Incomprehensible IMAD.HI behavior

Hi guys, I’m using 3080 with cuda11.6 do some s32 divide, I found some of the result is incomprehensible, I open it with cuda-gdb and piece of assembly is like:
/some other calculate/
IMAD R11, R8, R9, RZ
IMAD.HI.U32 R7, R7, R11, R6
in this case, R6 is 0, R8 is 0xfffffe01, R9 is 0x800000 so R11 is 0x800000, which is expected. But when I do IMAD.HI.U32 with input R7 = 0x1ff, I got result R7 = 0x1ff which is unexpected. I know IMAD.HI is mul&add with Hi(R7*R11)+R6, but I think the true high part is 0, who can please tell me how I got result with 0x1ff?

Here is some information about the log. Who can please help me with this question?

I’m not able to explain the picture. to investigate, I created the following test case:

$ cat
#include <cstdio>
__global__ void k(unsigned a, unsigned b, unsigned c) {
    asm ("mad.hi.u32 %0, %0, %1, %2;" : "+r"(a) : "r"(b) , "r"(c));
    printf("result: 0x%x\n", a);

int main(){

  k<<<1,1>>>(0x01ffU, 0x0800000U, 0U);
$ nvcc -o t2024
$ ./t2024
result: 0x0

As you can see it produces the expected result. If you compile the above code with -arch=sm_86 and then do cuobjdump -sass ./t2024 you will see that there is a IMAD.HI.U32 instruction in the dump.

If you can provide a similar test case that shows an unexpected result, it may be helpful.

Thanks for help! I got same result on my chip.

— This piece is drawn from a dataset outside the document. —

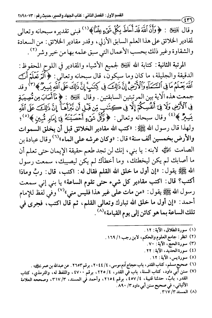 المرتبة الثانية: كتابة الله عز وجل لجميع الأشياء والمقادير في اللوح المحفوظ: الدقيقة والجليلة، ما كان وما سيكون، قال سبحانه وتعالى: {أَلَمْ تَعْلَمْ أَنَّ اللَّهَ يَعْلَمُ مَا فِي السَّمَاءِ وَالْأَرْضِ إِنَّ ذَلِكَ فِي كِتَابٍ إِنَّ ذَلِكَ عَلَى اللَّهِ يَسِيرٌ} [الحج: 70] (¬3) وقد جمعت هذه الآية بين المرتبتين السابقتين. وقال عز وجل: {مَا أَصَابَ مِنْ مُصِيبَةٍ فِي الْأَرْضِ وَلَا فِي أَنْفُسِكُمْ إِلَّا فِي كِتَابٍ مِنْ قَبْلِ أَنْ نَبْرَأَهَا إِنَّ ذَلِكَ عَلَى اللَّهِ يَسِيرٌ} [الحديد: 22] (¬4) وقال سبحانه وتعالى: {وَكُلَّ شَيْءٍ أحْصَيْنَاهُ فِي إِمَامٍ مُبِينٍ} [يس: 12] (¬5)؛ ولهذا قال رسول الله صلى الله عليه وسلم: «كتب الله مقادير الخلائق قبل أن يخلق السماوات والأرض بخمسين ألف سنة» قال: «وكان عرشه على الماء» (¬6). وقال عبادة بن الصامت رضي الله عنه لابنه: يا بني، إنك لن تجد طعم حقيقة الإِيمان حتى تعلم أن ما أصابك لم يكن ليخطئك، وما أخطأك لم يكن ليصيبك، سمعت رسول الله صلى الله عليه وسلم يقول: «إن أول ما خلق الله القلم فقال له: اكتب، قال: ربِّ وماذا أكتب؛ قال: اكتب مقادير كل شيء حتى تقوم الساعة» يا بني إني سمعت رسول الله صلى الله عليه وسلم يقول: «من مات على غير هذا فليس مني» (¬7) وفي لفظ للإِمام أحمد: «إن أول ما خلق الله تبارك وتعالى القلم، ثم قال اكتب، فجرى في تلك الساعة بما هو كائن إلى يوم القيامة» (¬8).

But still didn’t solve my problem.
In my condition this is a small int32 divide kernel:
__global__ void int32_div(int in1, int in2, int* output) { *output = in1 / in2; }
when I set in1 = 0x3f800001 and in2 = 0xff800000, I saw some instruction in cuda-gdb, after i run si 23 and got instructions above, at this time I can see $R7 is 0x1ff and $R11 is 0x800000, but I couldn’t understand why when I run IMAD.HI.U32 R7, R7, R11, R6 by si and got 0x1ff as $R7 result.
BTW, in this case I saw an instruction like IMAD.MOV.U32 R6, RZ, RZ, RZ, why instruction did addition with R6 but not RZ?

When I run your code the way you describe, I seem to get the right result:

$ cat
#include <iostream>

__global__ void int32_div(int in1, int in2, int* output) { *output = in1 / in2; };

int main(){

  int *o;
  cudaMalloc(&o, sizeof (o[0]));
  int in1 = 0x3f800001;
  int in2 = 0xff800000;
  int32_div<<<1,1>>>(in1, in2, o);
  int r;
  cudaMemcpy(&r, o, sizeof(o[0]), cudaMemcpyDeviceToHost);
  std::cout << "r = " << r << " should be: " << in1/in2 << std::endl;
$ nvcc -o t2026
$ compute-sanitizer ./t2026
r = -127 should be: -127
========= ERROR SUMMARY: 0 errors

Do you get the right result?

Yes, I got the right result, but couldn’t understand why this IMAD.HI.U32 instruction got result like this.

I don’t see how it could be anything except an issue with the cuda-gdb tool. You might want to ask on that forum.

I don’t have a 3080 to test on.

This topic was automatically closed 14 days after the last reply. New replies are no longer allowed.